What this task involves: Set down, word for word, every line of the material below from the one containing "Vasil'ev,B.V., B.A.Kozlov i" through the one containing "Diseño de espacios", but none of its pictures.

Source data:
◆ ◆ ◆ ◆

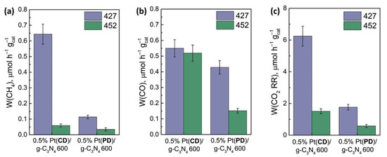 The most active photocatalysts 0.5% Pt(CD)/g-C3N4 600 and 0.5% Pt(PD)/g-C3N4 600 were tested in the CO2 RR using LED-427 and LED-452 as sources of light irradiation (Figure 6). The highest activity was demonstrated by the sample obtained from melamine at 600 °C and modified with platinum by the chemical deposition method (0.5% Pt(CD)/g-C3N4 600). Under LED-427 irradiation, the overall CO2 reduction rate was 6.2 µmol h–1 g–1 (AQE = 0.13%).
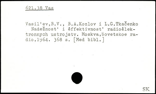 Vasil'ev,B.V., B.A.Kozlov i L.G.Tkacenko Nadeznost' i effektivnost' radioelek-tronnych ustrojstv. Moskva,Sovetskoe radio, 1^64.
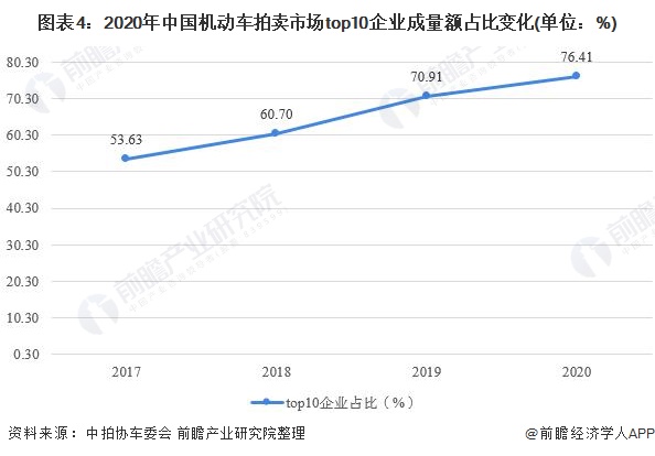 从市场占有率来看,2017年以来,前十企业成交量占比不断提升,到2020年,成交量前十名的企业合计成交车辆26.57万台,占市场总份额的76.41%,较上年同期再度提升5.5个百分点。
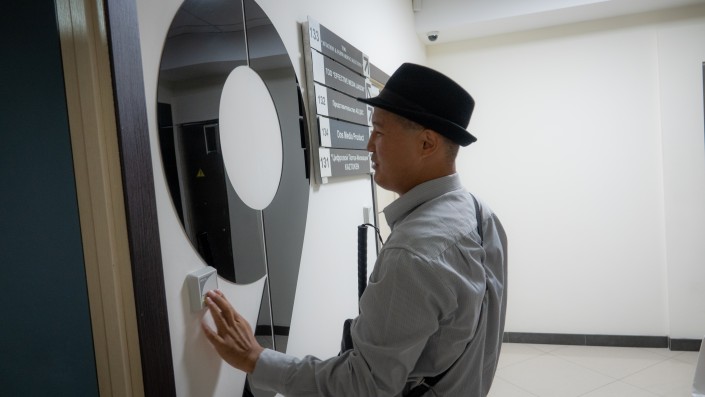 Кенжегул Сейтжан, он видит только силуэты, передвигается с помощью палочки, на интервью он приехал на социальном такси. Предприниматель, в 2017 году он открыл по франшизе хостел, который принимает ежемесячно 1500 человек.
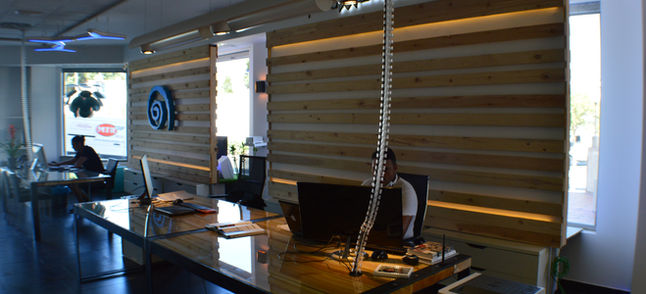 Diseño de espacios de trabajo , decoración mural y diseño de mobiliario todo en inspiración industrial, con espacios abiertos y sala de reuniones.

◆ ◆ ◆ ◆

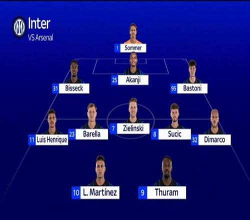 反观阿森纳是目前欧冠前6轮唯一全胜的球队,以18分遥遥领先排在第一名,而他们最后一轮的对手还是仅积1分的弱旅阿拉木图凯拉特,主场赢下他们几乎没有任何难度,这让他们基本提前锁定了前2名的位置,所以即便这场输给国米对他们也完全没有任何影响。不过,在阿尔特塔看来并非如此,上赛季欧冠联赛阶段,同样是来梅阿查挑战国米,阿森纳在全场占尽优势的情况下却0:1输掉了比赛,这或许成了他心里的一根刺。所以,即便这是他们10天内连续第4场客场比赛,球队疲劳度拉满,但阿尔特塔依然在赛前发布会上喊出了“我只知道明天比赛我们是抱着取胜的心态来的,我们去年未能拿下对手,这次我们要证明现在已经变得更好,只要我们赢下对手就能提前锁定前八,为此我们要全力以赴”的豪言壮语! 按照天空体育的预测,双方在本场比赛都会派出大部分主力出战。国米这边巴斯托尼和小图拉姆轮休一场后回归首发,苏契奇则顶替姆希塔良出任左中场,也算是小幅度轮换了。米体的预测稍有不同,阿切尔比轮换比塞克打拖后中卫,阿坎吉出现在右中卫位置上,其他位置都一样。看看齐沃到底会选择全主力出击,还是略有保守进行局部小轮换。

◆ ◆ ◆ ◆

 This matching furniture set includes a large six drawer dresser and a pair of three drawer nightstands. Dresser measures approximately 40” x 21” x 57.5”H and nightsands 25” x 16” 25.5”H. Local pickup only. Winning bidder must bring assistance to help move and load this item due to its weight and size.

◆ ◆ ◆ ◆

Answer for this exercise:
 Vasil'ev,B.V., B.A.Kozlov i L.G.Tkacenko Nadeznost' i effektivnost' radioelek-tronnych ustrojstv. Moskva,Sovetskoe radio, 1^64.
 从市场占有率来看,2017年以来,前十企业成交量占比不断提升,到2020年,成交量前十名的企业合计成交车辆26.57万台,占市场总份额的76.41%,较上年同期再度提升5.5个百分点。
 Кенжегул Сейтжан, он видит только силуэты, передвигается с помощью палочки, на интервью он приехал на социальном такси. Предприниматель, в 2017 году он открыл по франшизе хостел, который принимает ежемесячно 1500 человек.
 Diseño de espacios de trabajo , decoración mural y diseño de mobiliario todo en inspiración industrial, con espacios abiertos y sala de reuniones.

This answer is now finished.